In 1956 Gassman played the title role in a production of Othello. He was so well received by his acting in the television series entitled  that "Il Mattatore" became the nickname that accompanied him for the rest of his life. Gassman's debut in the commedia all'italiana genre was rather accidental, in Mario Monicelli's I soliti ignoti (Big Deal on Madonna Street, 1958). Famous movies featuring Gassman include: Il sorpasso (1962), La Grande Guerra (1962), I mostri (1963), L'Armata Brancaleone (1966), Profumo di donna (1974) and C'eravamo tanto amati (1974).

He directed Adelchi, a lesser-known work by Alessandro Manzoni. Gassman brought this production to half a million spectators, crossing Italy with his Teatro Popolare Itinerante (a newer edition of the famous Carro di Tespi). His productions have included many of the famous authors and playwrights of the 20th century, with repeated returns to the classics of Shakespeare, Dostoyevsky and the Greek tragicians. He also founded a theatre school in Florence (Bottega Teatrale di Firenze), which educated many of the more talented actors of the current generation of Italian thespians.

In cinema, he worked frequently both in Italy and abroad. He met and fell in love with American actress Shelley Winters while she was touring Europe with fiancé Farley Granger. When Winters was forced to return to Hollywood to fulfill contractual obligations, he followed her there and married her. With his natural charisma and his fluency in English he scored a number of roles in Hollywood, including Rhapsody with Elizabeth Taylor and The Glass Wall before returning to Italy and the theatre.
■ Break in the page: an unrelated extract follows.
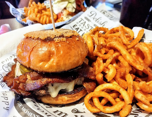 Just making this experience even better, they had the perfect amount of Bacon to wrap around the Burger, a Crisp Toasted Bun, Pepper Jack Cheese to connect it all together, and a handful of curly fries to top it all off for a...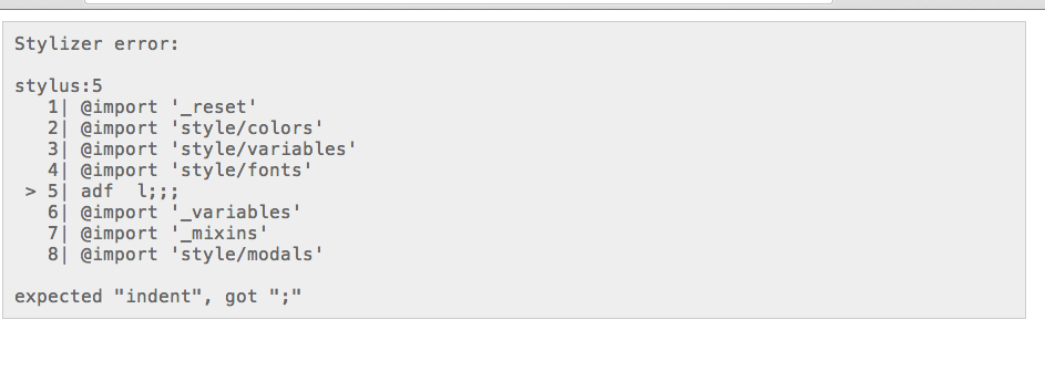 - Create a css file which, on a stylus build failure, hides your app body and replaces it with something like this to help you spot stylus errors easily:

In the 1990s he took part in the popular Italian Rai 3 TV show Tunnel in which he very formally and "seriously"' recited documents such as utility bills, yellow pages and similar trivial texts, such as washing instructions for a wool sweater or cookies ingredients. He rendered them with the same professional skill that made him famous while reciting Dante's Divine Comedy.

In 1994, Gassman voiced Mufasa in the Italian dubbed version of The Lion King. Gassman's voice was redubbed in several of his films by historical Italian actors and dubbers which include Emilio Cigoli, Sandro Ruffini, Gualtiero De Angelis, Stefano Sibaldi, Enrico Maria Salerno and Pino Locchi.

Personal life
Gassman married three times, all to actresses: Nora Ricci (with whom he had Paola, an actress and wife of Ugo Pagliai); Shelley Winters (mother of his daughter Vittoria); and Diletta D'Andrea (mother of his son Jacopo).

While rehearsing Hamlet, he began an affair with Anna Maria Ferrero, his 16-year-old Ophelia, which ended his marriage to Winters. He and Winters were forced to work together on Mambo just as their marriage was unraveling, providing fodder for tabloids all over the world.

From 1964 to 1968 he was the partner of French actress Juliette Mayniel (mother of his son Alessandro, also an actor). Through Alessandro, he is the grandfather of singer-songwriter Leo Gassmann.

On 29 June 2000, Gassman died of a heart attack in his sleep at his home in Rome at the age of 77. He was buried at Campo Verano.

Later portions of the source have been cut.